At least three of the officials involved in organizing and running the Jan 6. rally that preceded the storming of the U.S. Capitol are handing over documents in response to subpoenas from the House committee investigating the attack.
The 11 organizers and staffers were given a Wednesday deadline to turn over documents and records as part of the committee's investigation into the most serious breach of the Capitol building since the War of 1812. The organizers have also been asked to appear at separate depositions the committee has scheduled beginning later this month.
Other subpoenas have also been served to top White House officials and Trump advisers, including former White House chief of staff Mark Meadows and adviser Steve Bannon, who has thus far refused to cooperate, putting him at risk of being charged with contempt.
Among those responding to the Wednesday deadline are Lyndon Brentnall, whose firm was hired to provide event security that day. "All the documents and communications requested by the subpoena were handed in," he told The Associated Press.
Two longtime Trump campaign and White House staffers, Megan Powers and Hannah Salem, who were listed on the Jan 6. rally permit as “operations manager for scheduling and guidance" and “operations manager for logistics and communications," have also provided documents or are planning to do so.
Powers, who also served as the Trump reelection campaign’s director of operations, intends to provide the committee with the requested documentation and to meet with them — though it remains unclear what form such meetings will take, according to a person familiar with her response who spoke on condition of anonymity.

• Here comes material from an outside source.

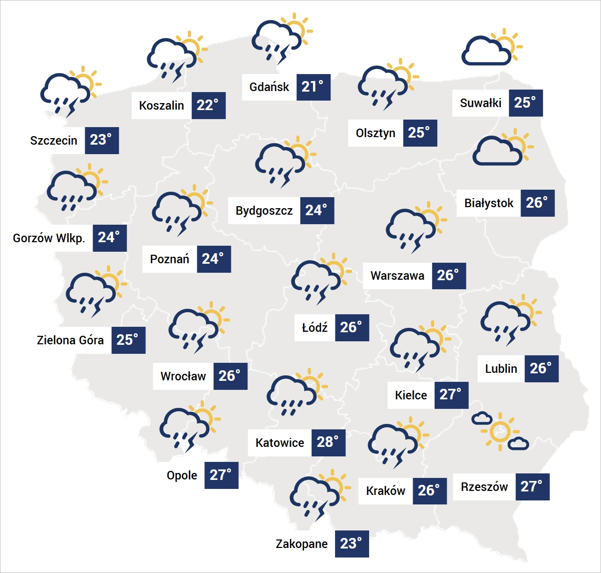 W niedzielę (13.07) zacznie napływać zdecydowanie cieplejsze powietrze, które sprawi, że temperatura wzrośnie na ogół do 24-27 stopni, jedynie nad morzem nieznacznie przekroczy 20 stopni. Będzie parno i duszno.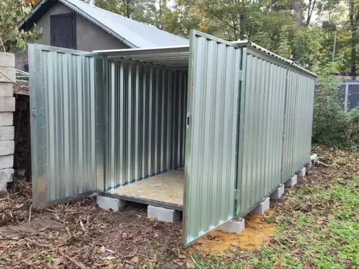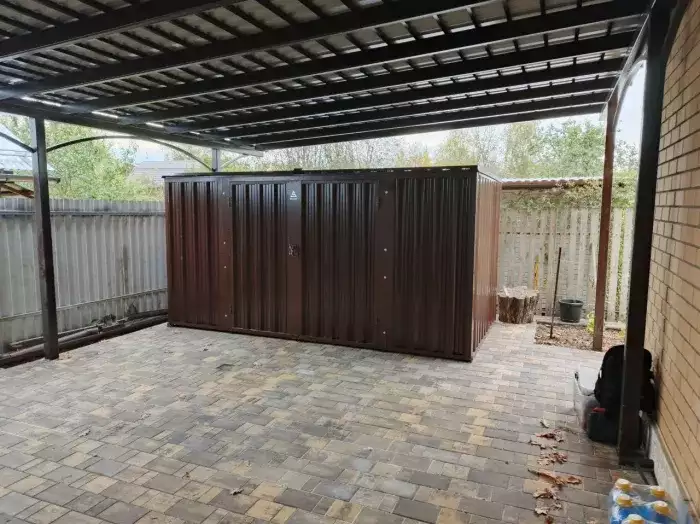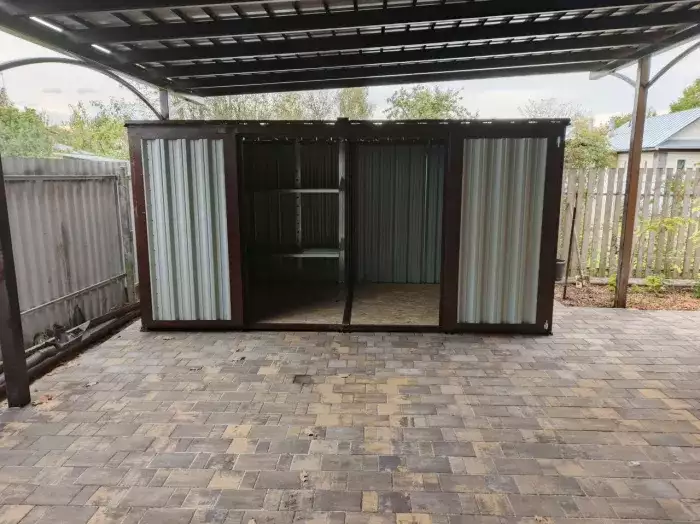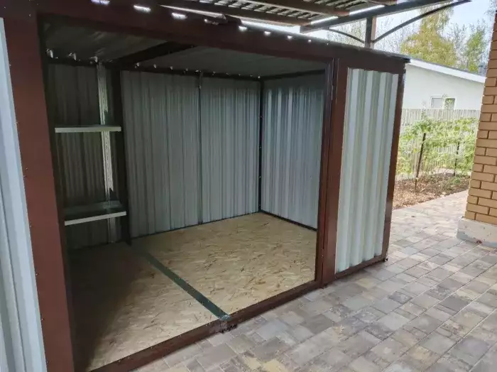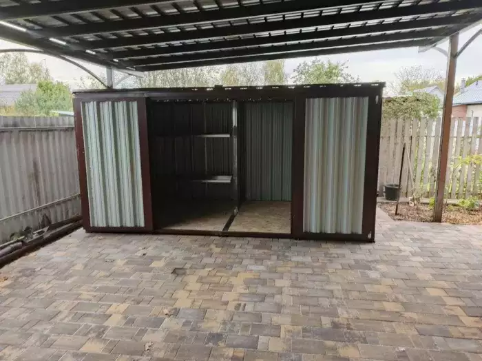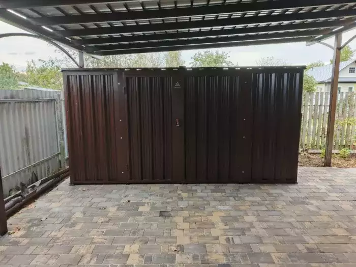 Проект: 6-метровый хозблок для хранения садового инвентаря в расцветке "под дерево".

Brentnall had previously said his firm had “every intention” of complying with the select committee. “As far as we’re concerned, we ran security at a legally permitted event run in conjunction with the U.S. Secret Service and the Park Police,” he said.
The committee has said the subpoenas are part of its effort to collect information “on the planning, organization, and funding” of the Jan. 6 rally as well as other events planned to support Trump's claims of election fraud in the weeks between his November election defeat and the January attack.
A committee spokesperson declined to comment Wednesday on the responses it had received and how many of the 11 were complying.